# Rohrverbindungen sichern



## Jürgen-V (29. Feb. 2008)

hallo liebes forum
mich würde mal interessieren, wie ihr eure rohrverbindungen sichert?
wenn ihr bilder hättet, wäre es natürlich spitzenmäßig. 

gruß
jürgen


----------



## juergen-b (29. Feb. 2008)

*AW: Rohrverbindungen sichern*

hy jürgen,

wenn du jetzt noch sagst: welche rohre, wo verlegt etc. kann ich dir vieleicht helfen


----------



## Jürgen-V (29. Feb. 2008)

*AW: Rohrverbindungen sichern*

hi
natürlich meine ich ht und kg-rohre.
gruß
jürgen


----------



## SUI JIN (29. Feb. 2008)

*AW: Rohrverbindungen sichern*

Wieso sichern? Wofür und weswegen???


----------



## Mink (29. Feb. 2008)

*AW: Rohrverbindungen sichern*

Sichern von HT und KG Rohren? *g*

Wenn die Gummilippenduchtung richtigrum drinn ist und die Rohre einmal gesteckt sind, bekommt man die ohnehin kaum mehr auseinander.

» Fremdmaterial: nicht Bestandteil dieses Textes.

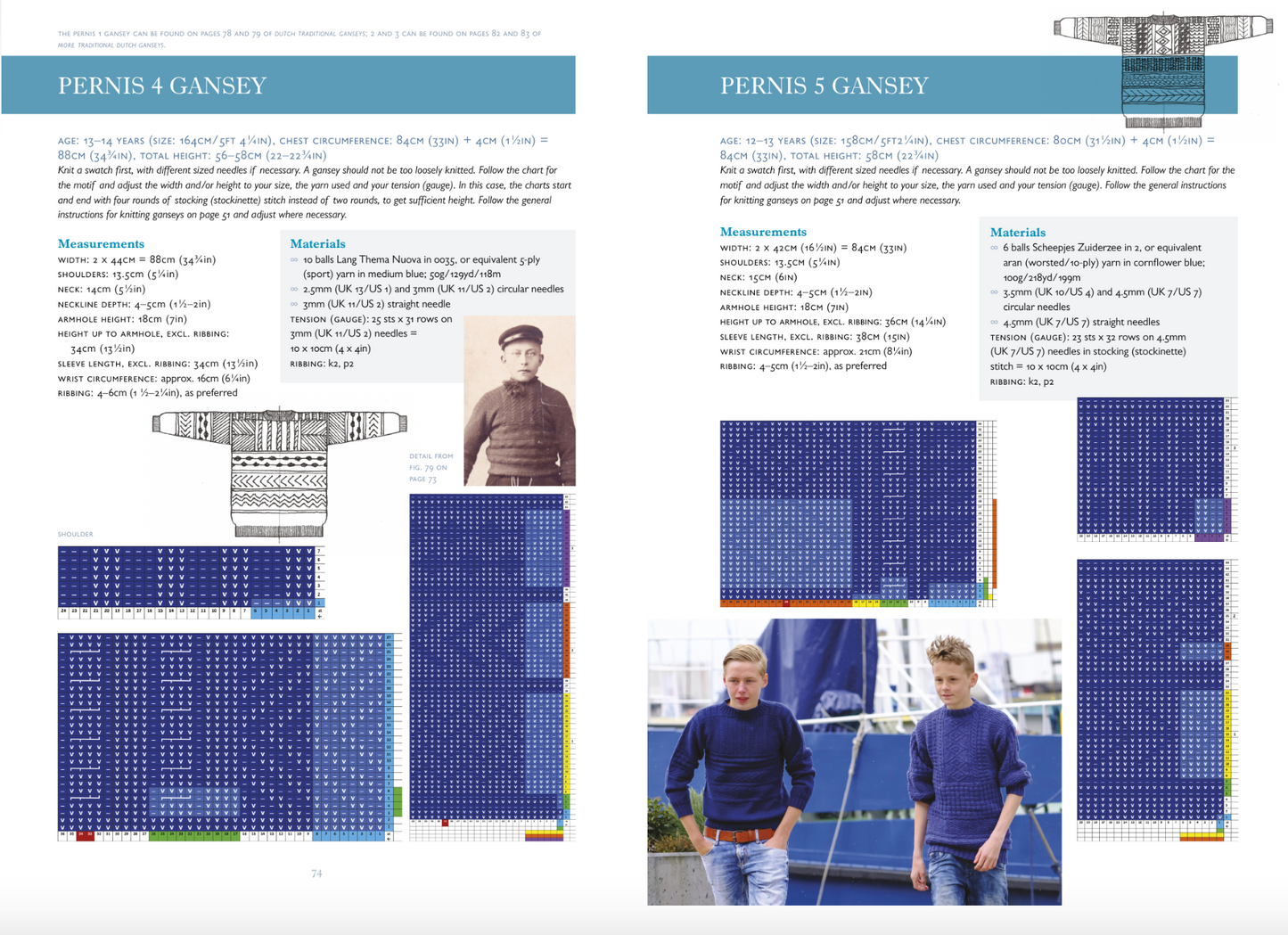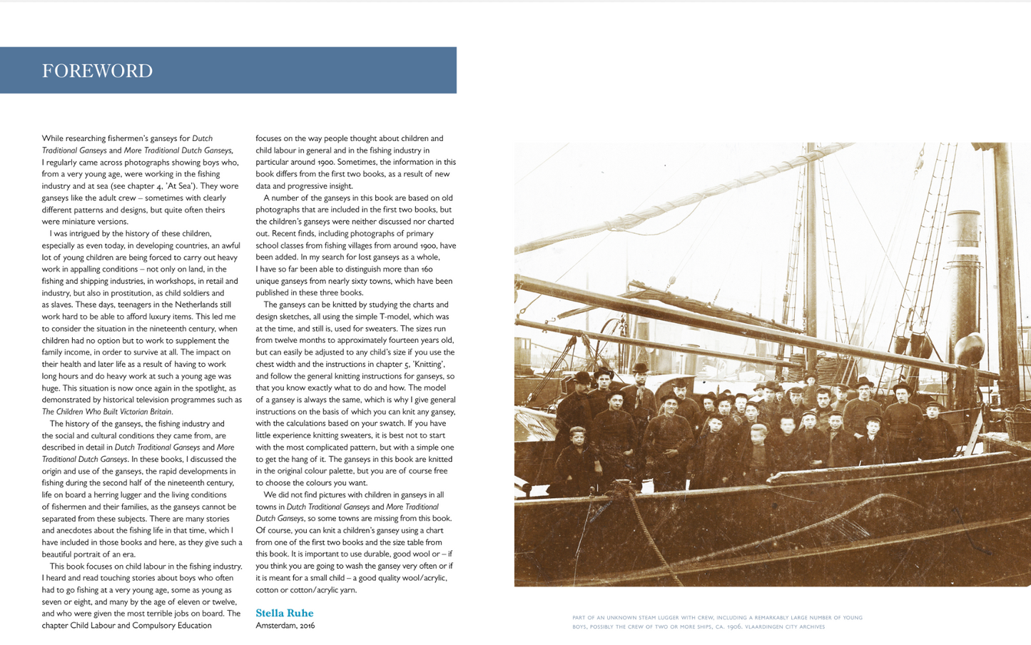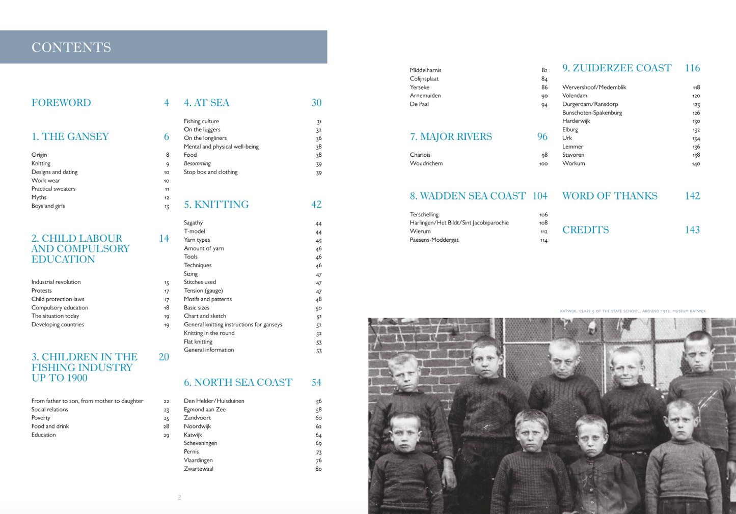 From around 1875 to 1950, Dutch fishermen wore sweaters with characteristic knit and purl stitch patterns, sometimes cable. These jerseys, known as ganseys, became an intrinsic part of the identity of the Dutchmen who wore them. Many of the children in these fishing families wore ganseys too, and numerous photos have been discovered in recent years of schoolchildren dressed in the knitwear seen on their fishermen fathers.

Man sollte natürlich nicht dieses Gleitmittezeugs nehmen...

LG Martin


----------



## SUI JIN (29. Feb. 2008)

*AW: Rohrverbindungen sichern*

Wir sind im Moment dabei eine neue Teichanlage auf unserem Grundstück zu bauen. Wir waren froh, die Rohre überhaupt ineinander zu bekommen, trotz Gleitmittel ein reiner Gewaltakt!!!!


----------



## juergen-b (29. Feb. 2008)

*AW: Rohrverbindungen sichern*

servus martin,



> Man sollte natürlich nicht dieses Gleitmittezeugs nehmen...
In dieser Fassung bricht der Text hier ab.